De temperatuursensor van de inlaatlucht is in de luchtmassameter geïntegreerd en bij de M52-, M54 en de M56-motor in het luchtverdeelhuis geschroefd. Voor het omzetten van de temperatuur in een voor de DME regeleenheid elektrisch analyseerbare meetwaarde wordt een precisie-warmtegeleider (NTC-weerstand) toegepast.

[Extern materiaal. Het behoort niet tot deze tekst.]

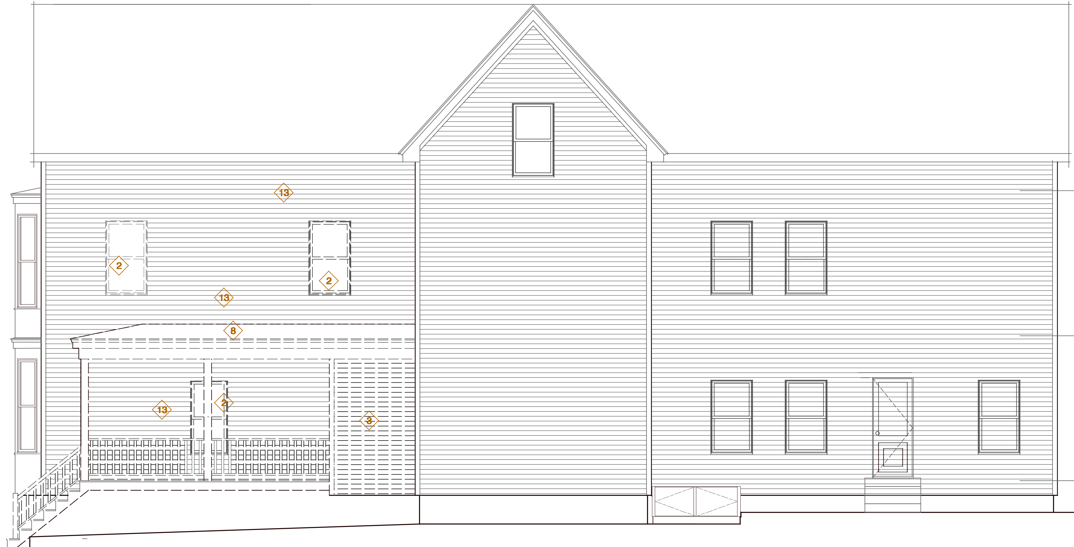
40 East Elevation Demo 0 2 6 12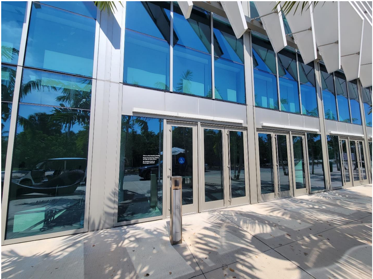
MBCC – ADA Automatic Entrance Doors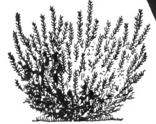
Intermedia Yew 10-12 inches high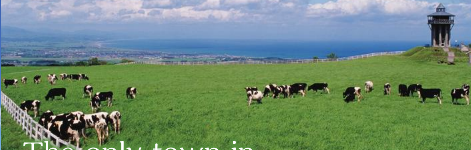
Yakumo Breeding Farm overlooking the Pacific Ocean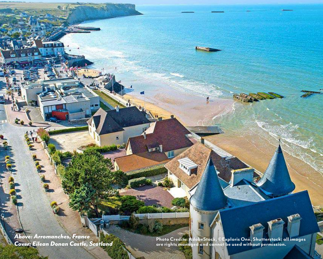
Above: Arromanches, France Cover: Eilean Donan Castle, Scotland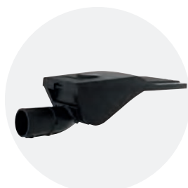
Side entry utility 76mm spigot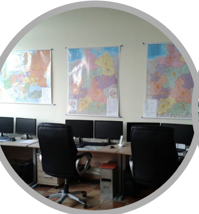
Tomek employs new workers. The current office seems to be too small. They move to the new one in the center of Pabianice.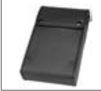
Carrying case : 93030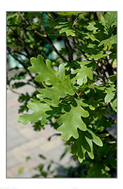
Crimson Spire Oak foliage

This tree should only be grown in full sunlight. It is very adaptable to both dry and moist locations, and should do just fine under average home landscape conditions. It is not particular as to soil type or pH. It is highly tolerant of urban pollution and will even thrive in inner city environments. This particular variety is an interspecific hybrid.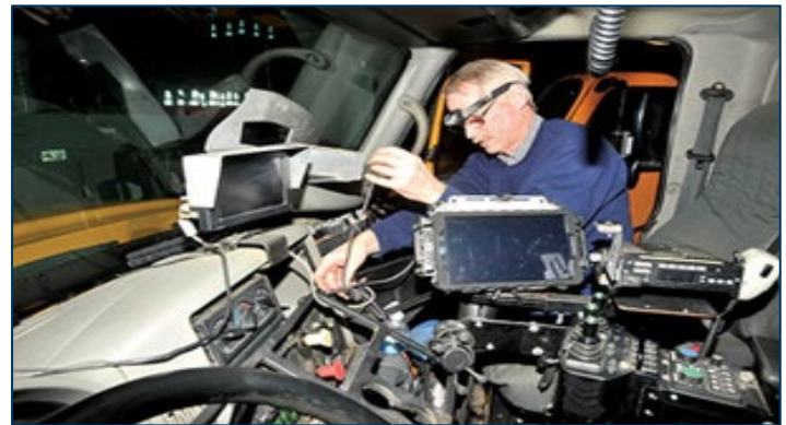
Figure 1: A member of the WYDOT installation crew installs the onboard units (Source: WYDOT).

The Wyoming Department of Transportation (WYDOT) CV Pilot focused on the efficient and safe movement of freight through the I-80 east-west corridor, a critical corridor for commercial heavy-duty vehicles moving across the northern portion of our country. The pilot aimed to address the needs of commercial vehicle operators in the State of Wyoming and developed applications that use vehicle to infrastructure (V2I) and vehicle to vehicle (V2V) connectivity to support a flexible range of advisory services including roadside alerts, parking notifications and dynamic travel guidance. This WYDOT CV Pilot sought to reduce the number of blow-over incidents and adverse weather-related incidents (including secondary incidents) in the corridor to improve safety and reduce incident-related delays. WYDOT developed systems that supported the use of CV Technology along the 402 miles of I-80 in Wyoming. WYDOT equipped approximately 325 vehicles, a combination of fleet vehicles and commercial trucks, with on-board units (OBUs). The 325 equipped vehicles included nearly 170 heavy trucks that were regular users of I-80 and over 150 WYDOT fleet vehicles, snowplows and highway patrol vehicles.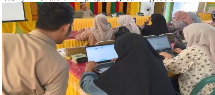
Figure 2. Chat-GPT and Gemini AI utilization training.

After the socialization material, training activities on preparing learning tools utilizing AI technology continued. The learning tools emphasized in this training are teaching modules. Teaching modules were chosen as the main topic because they represent a new approach to the Merdeka curriculum (Jannah & Irtifa'Fathuddi, 2023). As a substitute for lesson plans in the previous curriculum, teaching modules require adjustment and optimization to align with the latest curriculum and current conditions, ensuring that classroom learning is maximized. The AI technologies used in the training activities are the ChatGPT and Gemini AI applications. Both ChatGPT and Gemini AI are relevant tools that facilitate the process of compiling and locating learning resources (Zhai et al., 2021). Additionally, these applications can assist teachers in designing interactive learning scenarios and fostering discussions in the classroom through the integration of various learning models (Jumriah et al., 2024). Thus, teachers can more easily innovate when preparing learning tools

De temperatuursensor inlaatlucht is niet voor de correctie van de inspuittijd nodig, omdat die aanzuigluchttemperatuur bij de luchtmassameting automatisch in acht genomen wordt. De inlaatluchttemperatuurvoeler is nodig bij het starten in combinatie met de voeler voor de koelvloeistoftemperatuur van de motor. De weerstandswaarden van de beide sensoren leveren de nauwkeurige informatie voor de bepaling van de inspuittijd. Op deze manier worden speciaal warmstartproblemen vermeden.
Tijdens het starten kan de luchtkolom in de luchtmassameter schommelen. Daardoor kan de afgegeven waarde van de luchtmassameter niet als correcte waarde voor de inspuittijd gebruikt worden.
Tijdens het starten wordt daarom tot een vrij programmeerbare toerentaldrempel de temperatuursensor als meetgrootheid toegepast.